>>>

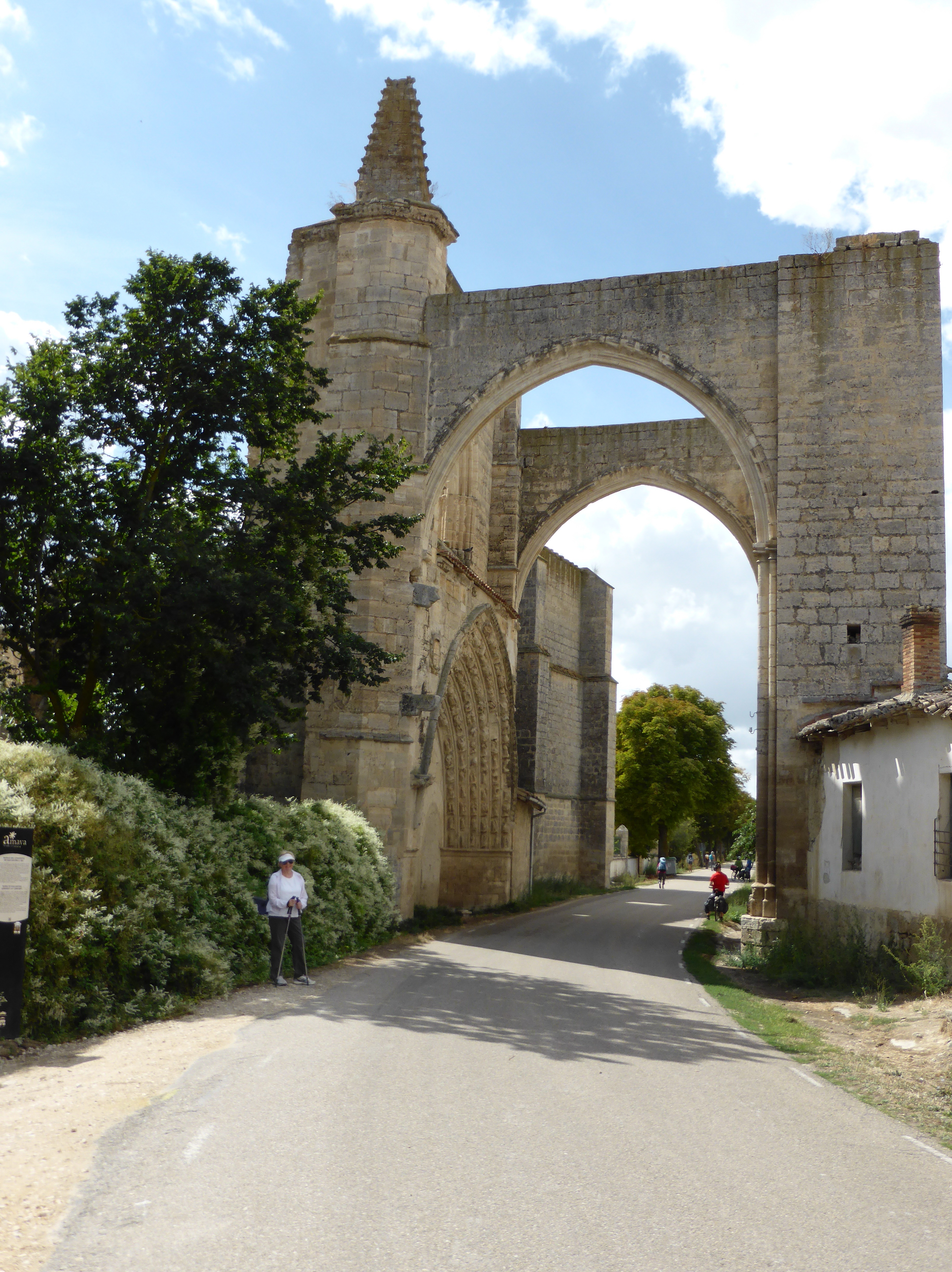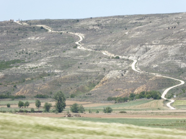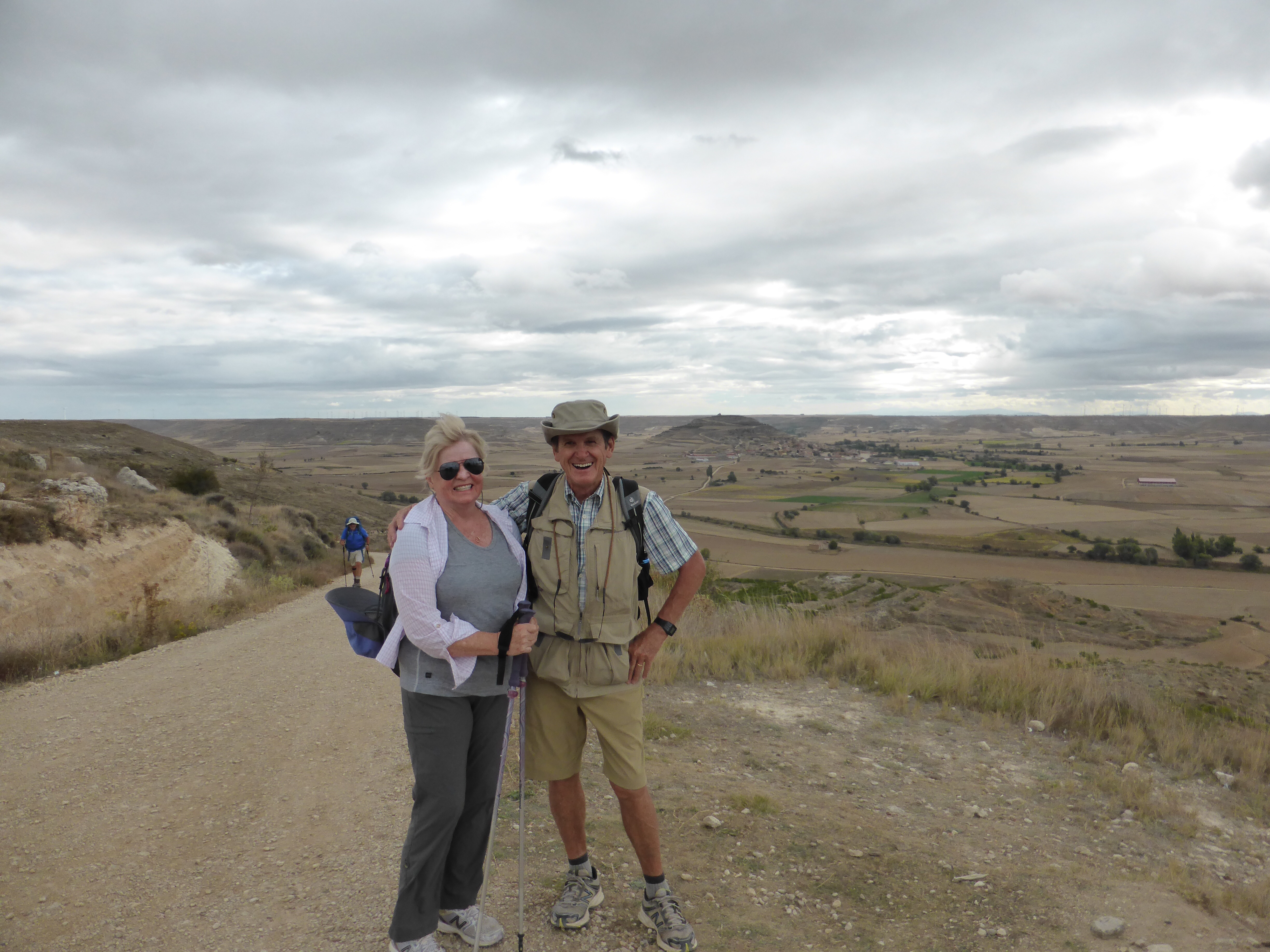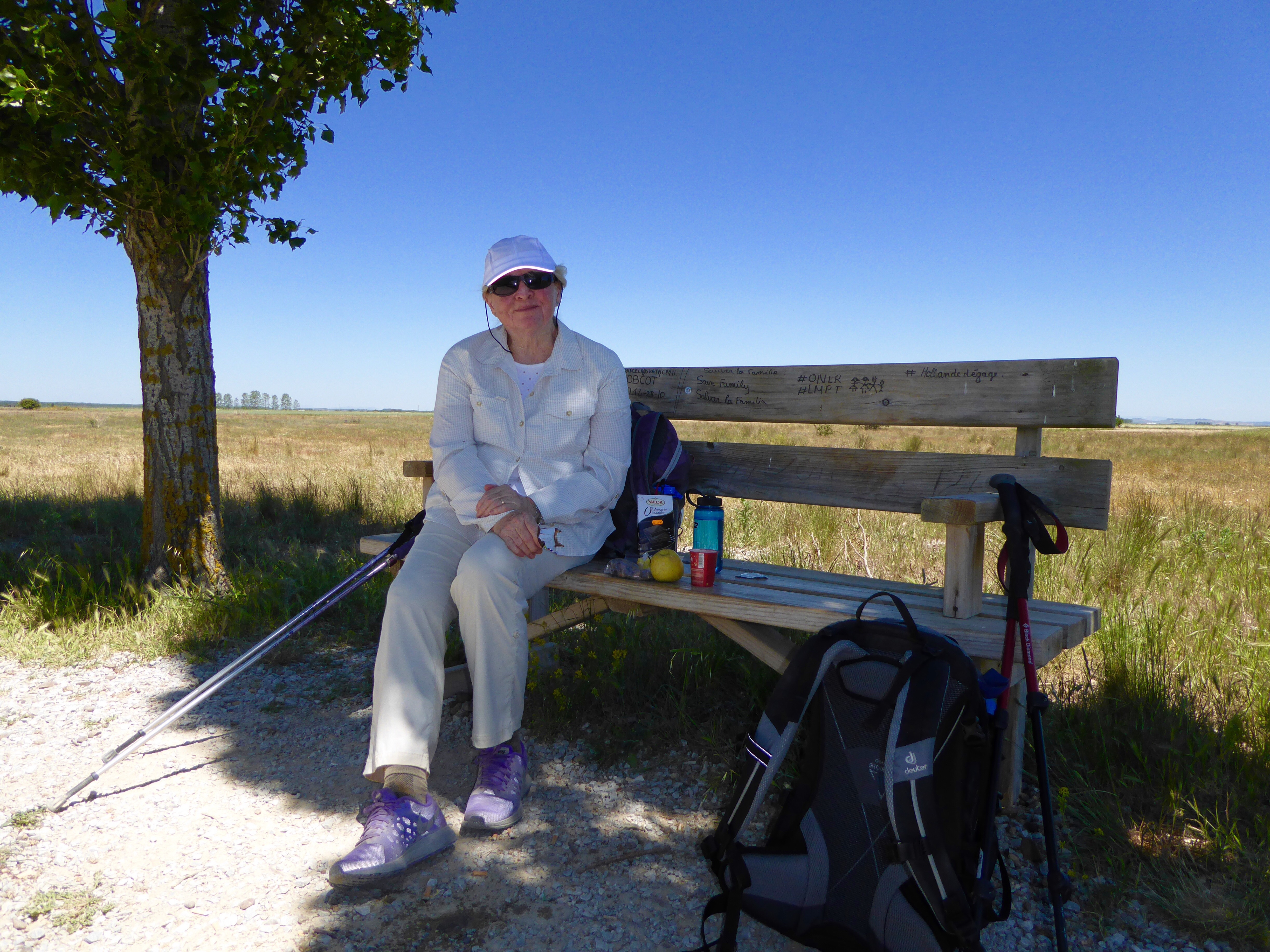 During our lazy breakfast just off our square, we realized that people were setting up for the weekly town market. After wandering over to the cathedral to get our credencials stamped and going by the post office for postage stamps, we spent the next few hours wandering the market. Rod purchased sausage, cheese, olives, cherries, nuts and raisins ( all local products). Delana bought two scarves to jazz up her pilgrim “look” and a few things for grandchildren. It was such fun seeing all the families out. We seldom see children about in the small villages we pass through—most of the young families have out of necessity migrated to more urban centres. These small villages have buildings of bricks and mortar alongside mud and straw pueblo like structures. Somehow they do not appear discordant together. There is a quiet sadness to see the neglected and unused playgrounds, though. If it were not for the economic benefit of Camino pilgrims passing through, it is doubtful these semi abandoned villages would survive.
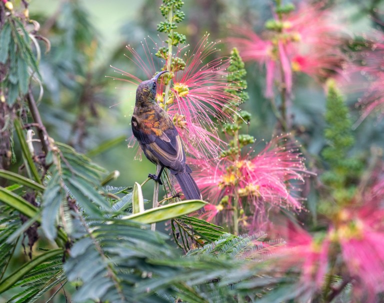 After my first gorilla tracking (see blog post The unexpected time keeper) I sat down on my very pleasant veranda in Mahogany Springs Lodge. Of course I had noticed the beautiful flowers just in front of my room, but now I saw that these flowers attracted lots of birds. I could just sit comfortably outside my room, enjoy the show and take photos. That’s what I call birding!
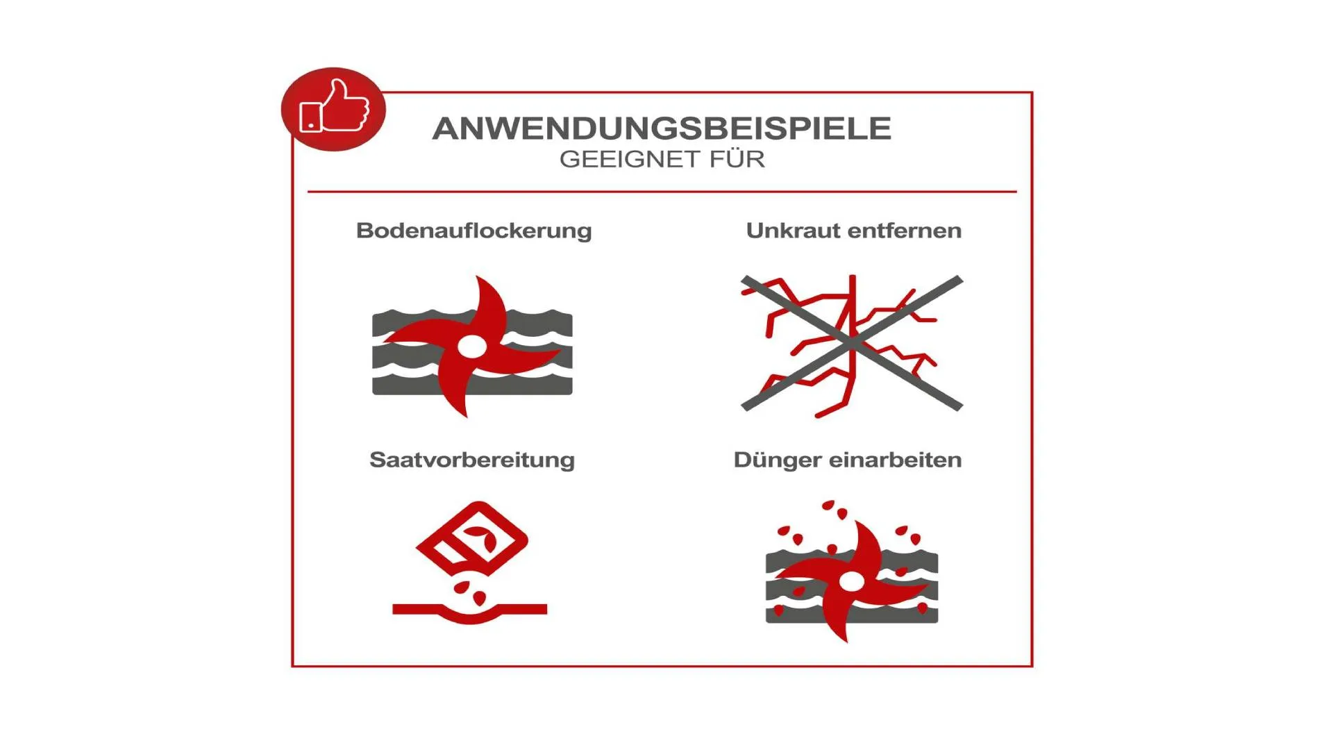 Stabilna brzina okretanja od 400 o/min naprijed i nazad garantuje ravnomjeran rezultat obrade tla.
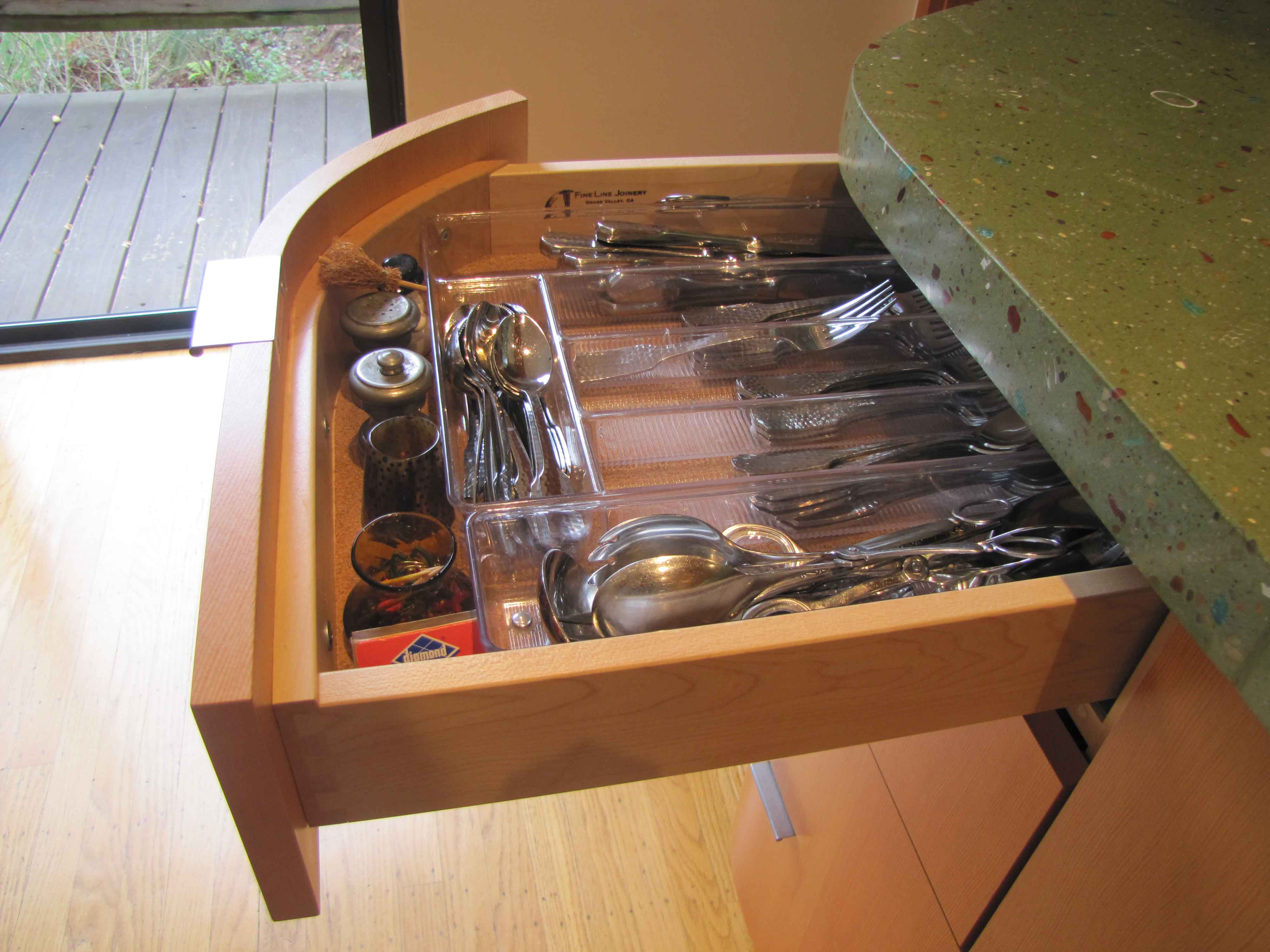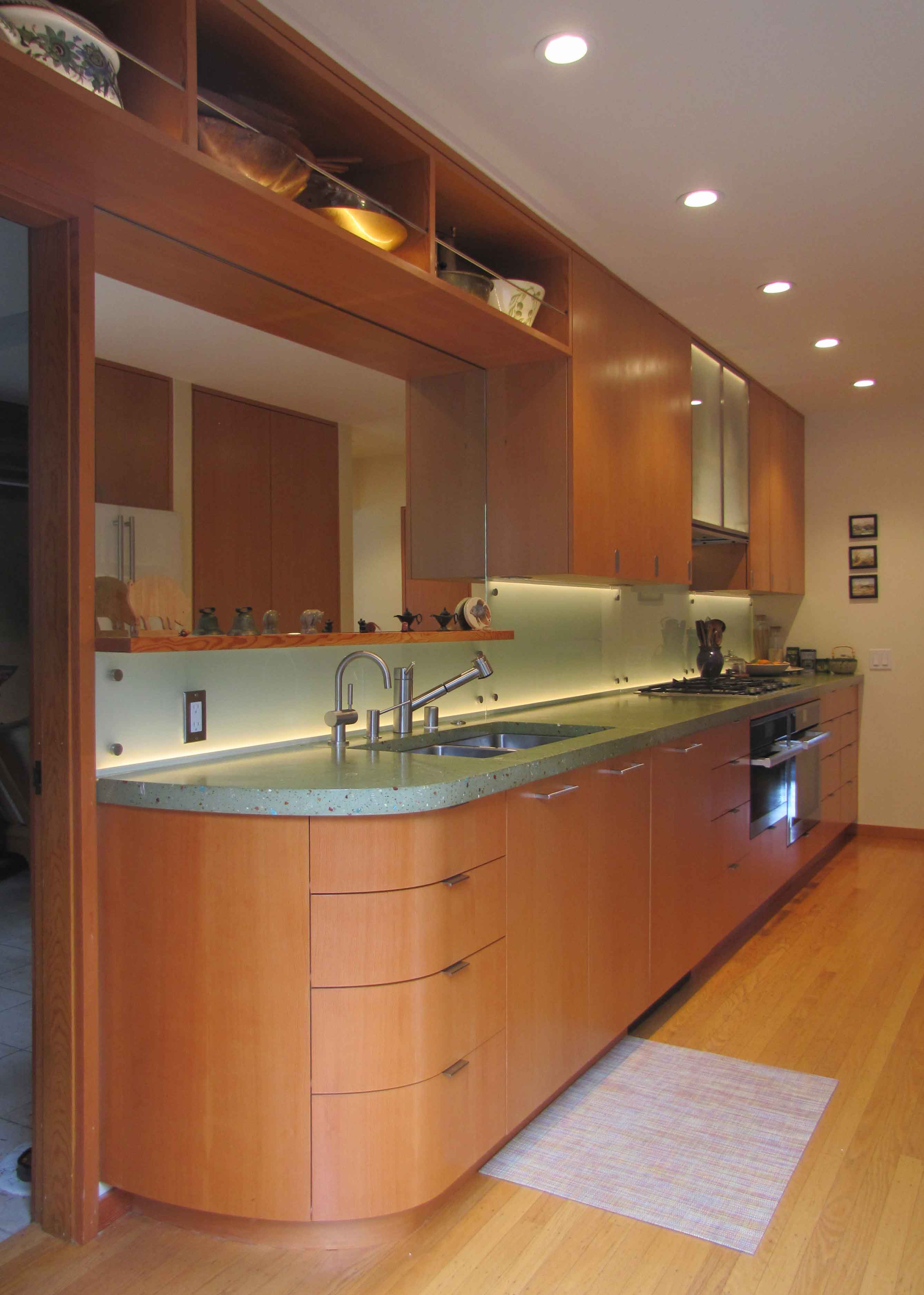 Vertical Grain Fir Kitchen Cabinets with Curved Front Drawres
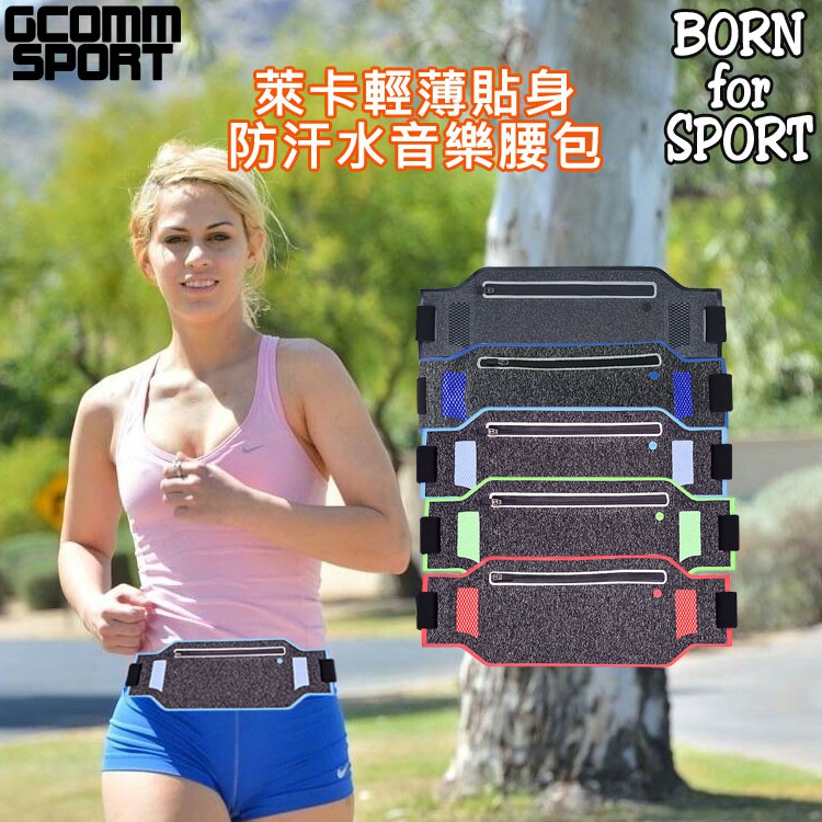 GCOMM SPORT 萊卡輕薄貼身防汗水音樂腰包 淺水藍
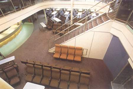There are two passenger levels with the larger main deck level being slightly raised aft. Stairwells each side aft and ramps forward provide passenger access from the vehicle decks, although there is a lift for the disabled. Gates on the open deck areas aft allow foot passengers board directly into the accommodation level. Total passenger capacity is 776. Passenger facilities include full-length bar, self-service cafeteria, large shop, infant facilities and children’s play area. The interior design was commissioned from MBS Project Management. There are two large skylight domes located above the central atrium.
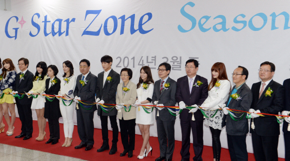 31일 서울 강남구 청담동 지하철 분당선 압구정로데오역에 만든 저소득층 청소년 지원을 위한 상설 기부 창구인 지플러스 스타존 시즌3 개막식에 참석한 신연희(오른쪽에서 일곱 번째) 강남구청장과 걸그룹 카라의 한승연, 레인보우 재경 등 참석자들이 테이프 커팅을 하고 있다.

<<<

Output only these lines, word for word: the line containing "Stabilna brzina okretanja" and every line after it through the last line of the data. Omit the pictures.

 Stabilna brzina okretanja od 400 o/min naprijed i nazad garantuje ravnomjeran rezultat obrade tla.
 Vertical Grain Fir Kitchen Cabinets with Curved Front Drawres
 GCOMM SPORT 萊卡輕薄貼身防汗水音樂腰包 淺水藍
There are two passenger levels with the larger main deck level being slightly raised aft. Stairwells each side aft and ramps forward provide passenger access from the vehicle decks, although there is a lift for the disabled. Gates on the open deck areas aft allow foot passengers board directly into the accommodation level. Total passenger capacity is 776. Passenger facilities include full-length bar, self-service cafeteria, large shop, infant facilities and children’s play area. The interior design was commissioned from MBS Project Management. There are two large skylight domes located above the central atrium.
 31일 서울 강남구 청담동 지하철 분당선 압구정로데오역에 만든 저소득층 청소년 지원을 위한 상설 기부 창구인 지플러스 스타존 시즌3 개막식에 참석한 신연희(오른쪽에서 일곱 번째) 강남구청장과 걸그룹 카라의 한승연, 레인보우 재경 등 참석자들이 테이프 커팅을 하고 있다.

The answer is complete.